Is there are more readable way to check if a key buried in a dict exists without checking each level independently?
Lets say I need to get this value in a object buried (example taken from Wikidata):
x = s['mainsnak']['datavalue']['value']['numeric-id']
To make sure that this does not end with a runtime error it is necessary to either check every level like so:
if 'mainsnak' in s and 'datavalue' in s['mainsnak'] and 'value' in s['mainsnak']['datavalue'] and 'nurmeric-id' in s['mainsnak']['datavalue']['value']:
x = s['mainsnak']['datavalue']['value']['numeric-id']
The other way I can think of to solve this is wrap this into a try catch construct which I feel is also rather awkward for such a simple task.
I am looking for something like:
x = exists(s['mainsnak']['datavalue']['value']['numeric-id'])
which returns True if all levels exists.
To be brief, with Python you must trust it is easier to ask for forgiveness than permission
try:
x = s['mainsnak']['datavalue']['value']['numeric-id']
except KeyError:
pass
The answer
Here is how I deal with nested dict keys:
def keys_exists(element, *keys):
'''
Check if *keys (nested) exists in `element` (dict).
'''
if not isinstance(element, dict):
raise AttributeError('keys_exists() expects dict as first argument.')
if len(keys) == 0:
raise AttributeError('keys_exists() expects at least two arguments, one given.')
_element = element
for key in keys:
try:
_element = _element[key]
except KeyError:
return False
return True
Example:
data = {
"spam": {
"egg": {
"bacon": "Well..",
"sausages": "Spam egg sausages and spam",
"spam": "does not have much spam in it"
}
}
}
print 'spam (exists): {}'.format(keys_exists(data, "spam"))
print 'spam > bacon (do not exists): {}'.format(keys_exists(data, "spam", "bacon"))
print 'spam > egg (exists): {}'.format(keys_exists(data, "spam", "egg"))
print 'spam > egg > bacon (exists): {}'.format(keys_exists(data, "spam", "egg", "bacon"))
Output:
spam (exists): True
spam > bacon (do not exists): False
spam > egg (exists): True
spam > egg > bacon (exists): True
It loop in given element testing each key in given order.
I prefere this to all variable.get('key', {}) methods I found because it follows EAFP.
Function except to be called like: keys_exists(dict_element_to_test, 'key_level_0', 'key_level_1', 'key_level_n', ..).

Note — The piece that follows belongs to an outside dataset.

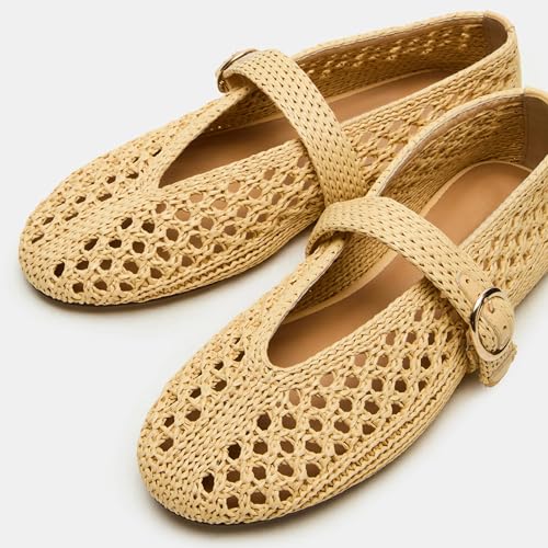 More information about Woven Mesh Ballet Flats for Women with Metal Buckle Strap Mesh Raffia Flats Round Toe Mary Janes Comfortable Ballerina Flat Shoes.

At least two arguments are required, the element and one key, but you can add how many keys you want.
If you need to use kind of map, you can do something like:
expected_keys = ['spam', 'egg', 'bacon']
keys_exists(data, *expected_keys)
You could use .get with defaults:
s.get('mainsnak', {}).get('datavalue', {}).get('value', {}).get('numeric-id')
but this is almost certainly less clear than using try/except.
Python 3.8 +
dictionary = {
"main_key": {
"sub_key": "value",
},
}
if sub_key_value := dictionary.get("main_key", {}).get("sub_key"):
print(f"The key 'sub_key' exists in dictionary[main_key] and it's value is {sub_key_value}")
else:
print("Key 'sub_key' doesn't exists or their value is Falsy")
Extra
A little but important clarification.
In the previous code block, we verify that a key exists in a dictionary but that its value is also Truthy.
Most of the time, this is what people are really looking for, and I think this is what the OP really wants. However, it is not really the most "correct" answer, since if the key exists but its value is False, the above code block will tell us that the key does not exist, which is not true.
So, I leet here a more correct answer:
dictionary = {
"main_key": {
"sub_key": False,
},
}
if "sub_key" in dictionary.get("main_key", {}):
print(f"The key 'sub_key' exists in dictionary[main_key] and it's value is {dictionary['main_key']['sub_key']}")
else:
print("Key 'sub_key' doesn't exists")
Try/except seems to be most pythonic way to do that.
The following recursive function should work (returns None if one of the keys was not found in the dict):
def exists(obj, chain):
_key = chain.pop(0)
if _key in obj:
return exists(obj[_key], chain) if chain else obj[_key]
myDict ={
'mainsnak': {
'datavalue': {
'value': {
'numeric-id': 1
}
}
}
}
result = exists(myDict, ['mainsnak', 'datavalue', 'value', 'numeric-id'])
print(result)
>>> 1
I suggest you to use python-benedict, a solid python dict subclass with full keypath support and many utility methods.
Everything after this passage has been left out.